*** Opening of THE DATA ***
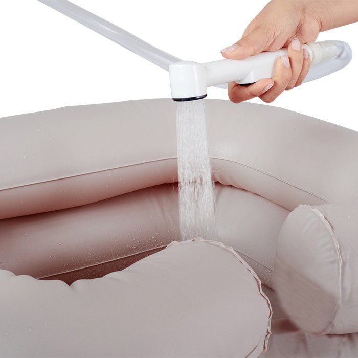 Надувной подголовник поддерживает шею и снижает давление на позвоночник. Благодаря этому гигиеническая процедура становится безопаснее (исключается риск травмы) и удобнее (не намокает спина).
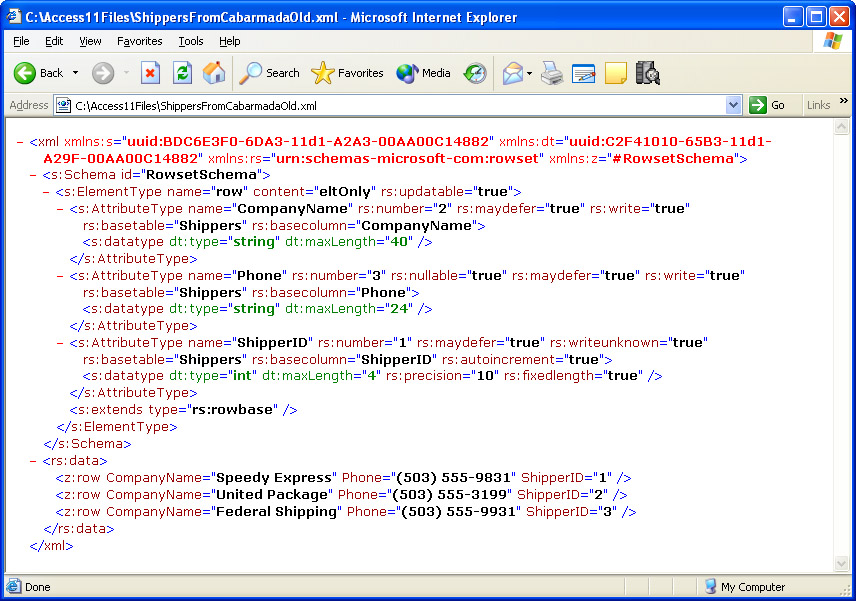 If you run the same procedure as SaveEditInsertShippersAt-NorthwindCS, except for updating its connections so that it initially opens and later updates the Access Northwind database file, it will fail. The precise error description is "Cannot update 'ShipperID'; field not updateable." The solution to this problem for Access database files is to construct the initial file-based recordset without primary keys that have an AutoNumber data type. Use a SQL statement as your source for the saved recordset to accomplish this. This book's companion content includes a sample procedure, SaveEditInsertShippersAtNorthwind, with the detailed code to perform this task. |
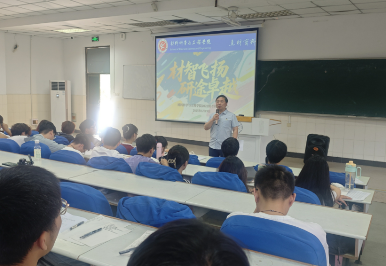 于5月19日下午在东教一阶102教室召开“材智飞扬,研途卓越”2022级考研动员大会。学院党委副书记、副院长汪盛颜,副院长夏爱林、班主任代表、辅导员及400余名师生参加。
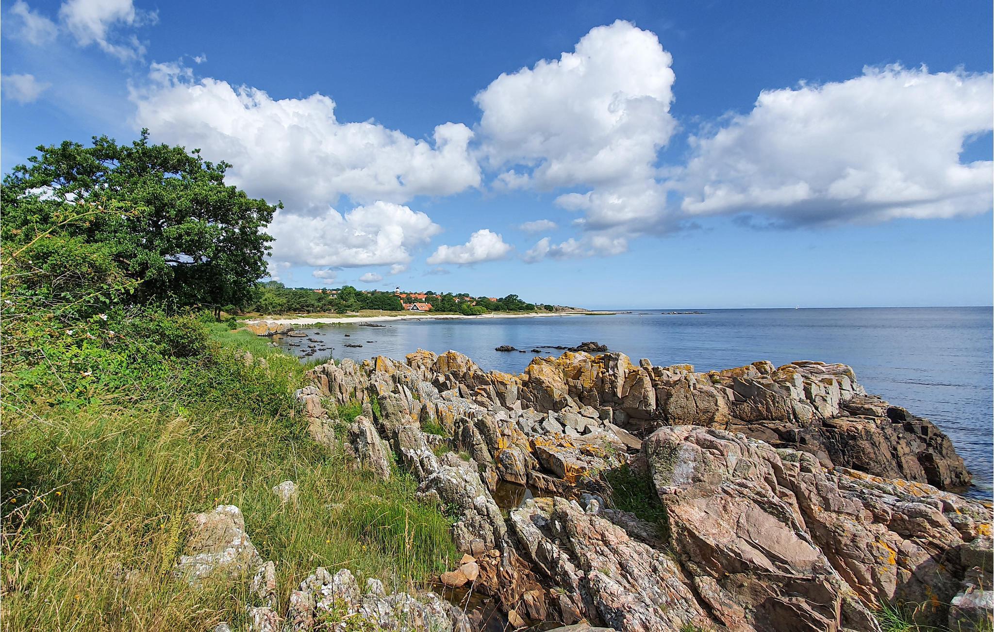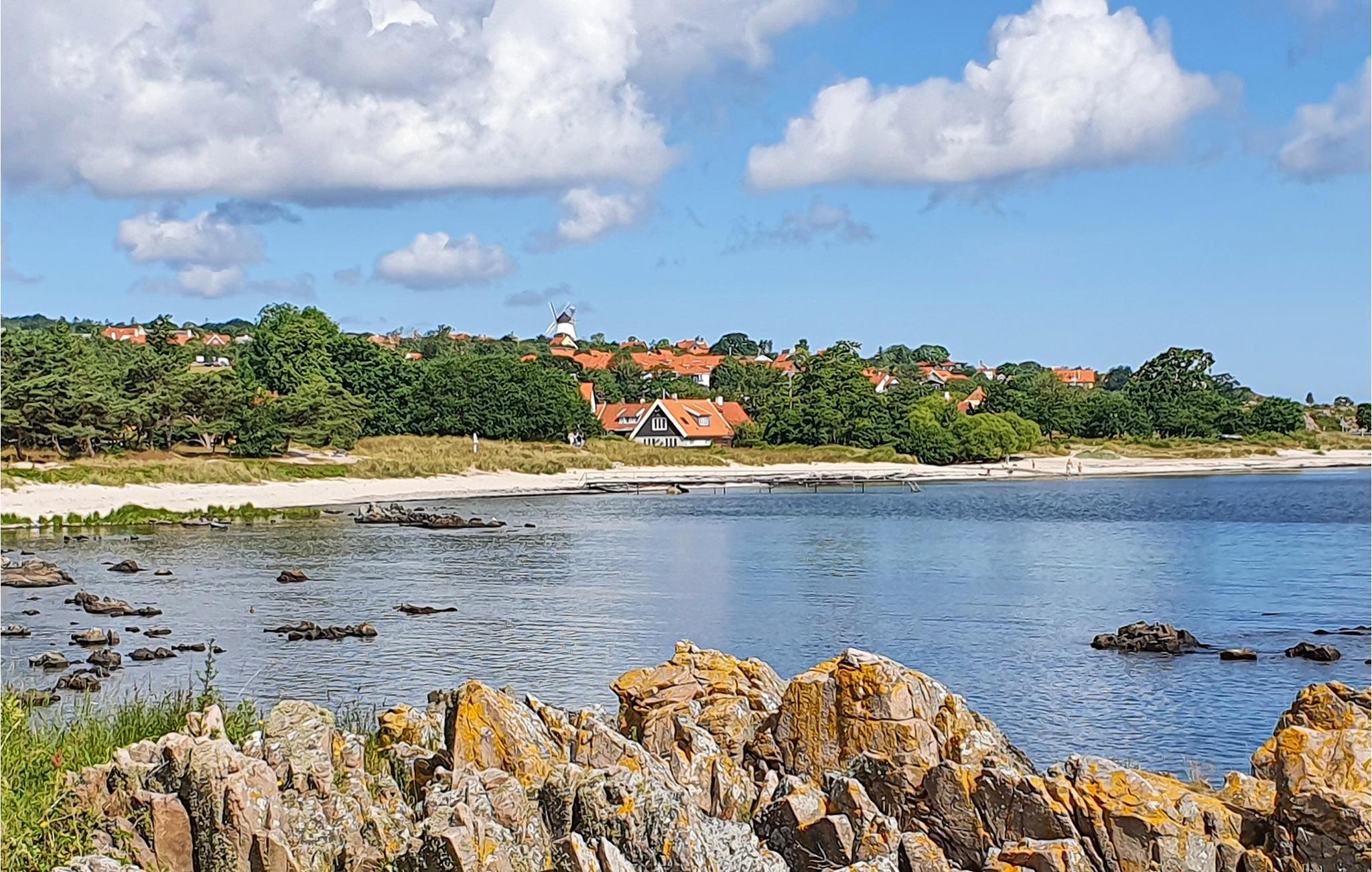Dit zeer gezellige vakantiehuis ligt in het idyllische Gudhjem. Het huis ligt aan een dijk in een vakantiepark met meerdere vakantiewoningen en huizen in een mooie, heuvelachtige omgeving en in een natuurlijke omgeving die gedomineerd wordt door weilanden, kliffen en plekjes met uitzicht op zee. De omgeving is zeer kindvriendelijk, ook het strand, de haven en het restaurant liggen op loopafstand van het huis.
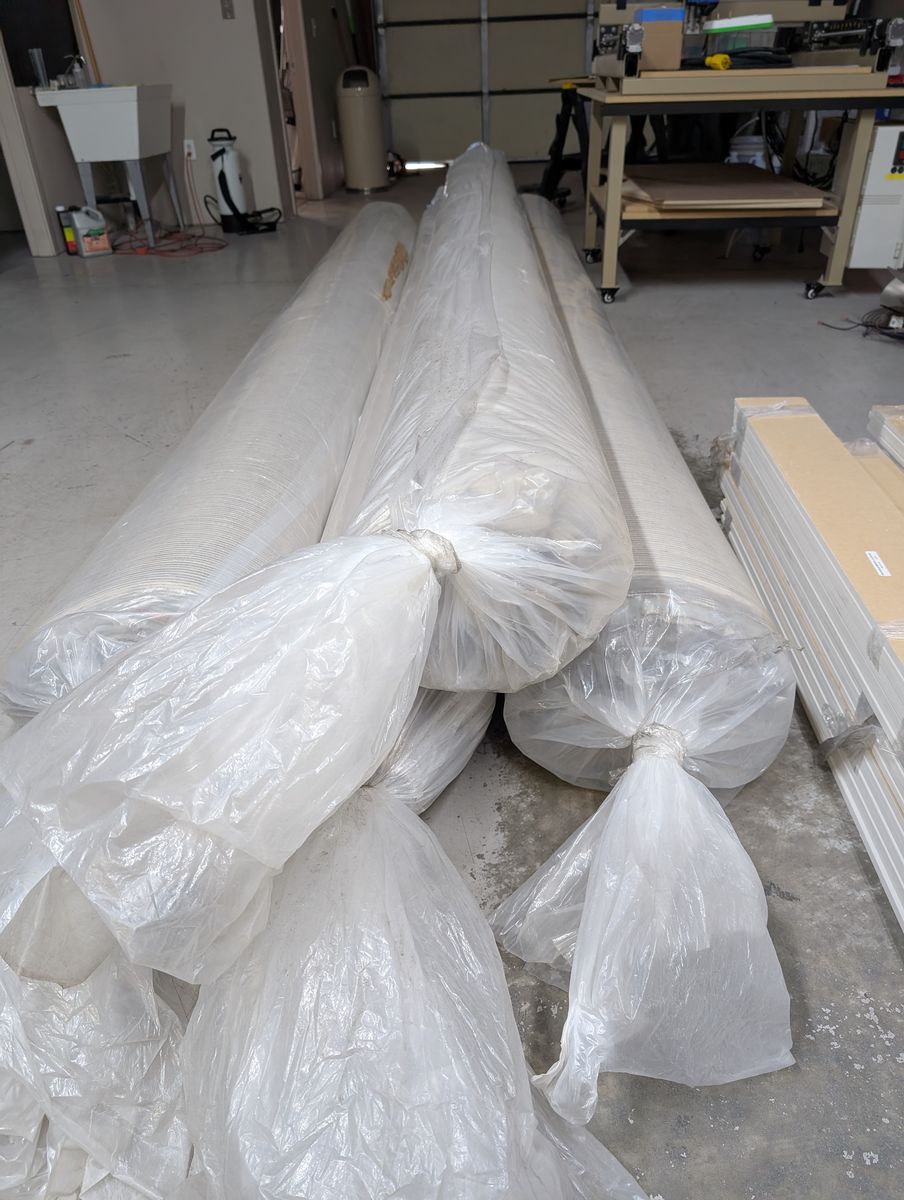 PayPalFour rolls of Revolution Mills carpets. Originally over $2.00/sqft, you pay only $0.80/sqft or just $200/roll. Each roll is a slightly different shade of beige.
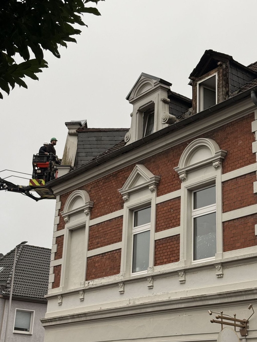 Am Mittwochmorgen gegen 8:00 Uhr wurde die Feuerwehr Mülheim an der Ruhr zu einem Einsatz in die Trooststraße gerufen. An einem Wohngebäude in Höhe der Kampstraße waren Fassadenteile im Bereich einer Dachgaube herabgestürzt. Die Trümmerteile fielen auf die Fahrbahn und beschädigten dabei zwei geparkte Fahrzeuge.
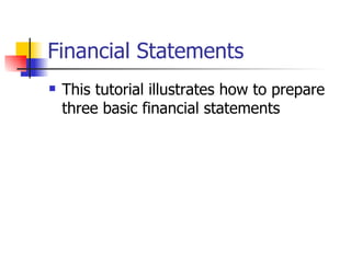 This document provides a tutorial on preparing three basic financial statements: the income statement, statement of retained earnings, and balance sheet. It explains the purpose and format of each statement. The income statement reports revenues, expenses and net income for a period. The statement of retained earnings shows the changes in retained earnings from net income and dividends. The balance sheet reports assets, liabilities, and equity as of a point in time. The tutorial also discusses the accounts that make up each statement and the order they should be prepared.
*** Close of THE DATA ***
# BRIEF
Without reproducing any picture, repeat exactly the lines from the one containing "Dit zeer gezellige" through the last line of the material above, both ends included.

# ANSWER AREA
Dit zeer gezellige vakantiehuis ligt in het idyllische Gudhjem. Het huis ligt aan een dijk in een vakantiepark met meerdere vakantiewoningen en huizen in een mooie, heuvelachtige omgeving en in een natuurlijke omgeving die gedomineerd wordt door weilanden, kliffen en plekjes met uitzicht op zee. De omgeving is zeer kindvriendelijk, ook het strand, de haven en het restaurant liggen op loopafstand van het huis.
 PayPalFour rolls of Revolution Mills carpets. Originally over $2.00/sqft, you pay only $0.80/sqft or just $200/roll. Each roll is a slightly different shade of beige.
 Am Mittwochmorgen gegen 8:00 Uhr wurde die Feuerwehr Mülheim an der Ruhr zu einem Einsatz in die Trooststraße gerufen. An einem Wohngebäude in Höhe der Kampstraße waren Fassadenteile im Bereich einer Dachgaube herabgestürzt. Die Trümmerteile fielen auf die Fahrbahn und beschädigten dabei zwei geparkte Fahrzeuge.
 This document provides a tutorial on preparing three basic financial statements: the income statement, statement of retained earnings, and balance sheet. It explains the purpose and format of each statement. The income statement reports revenues, expenses and net income for a period. The statement of retained earnings shows the changes in retained earnings from net income and dividends. The balance sheet reports assets, liabilities, and equity as of a point in time. The tutorial also discusses the accounts that make up each statement and the order they should be prepared.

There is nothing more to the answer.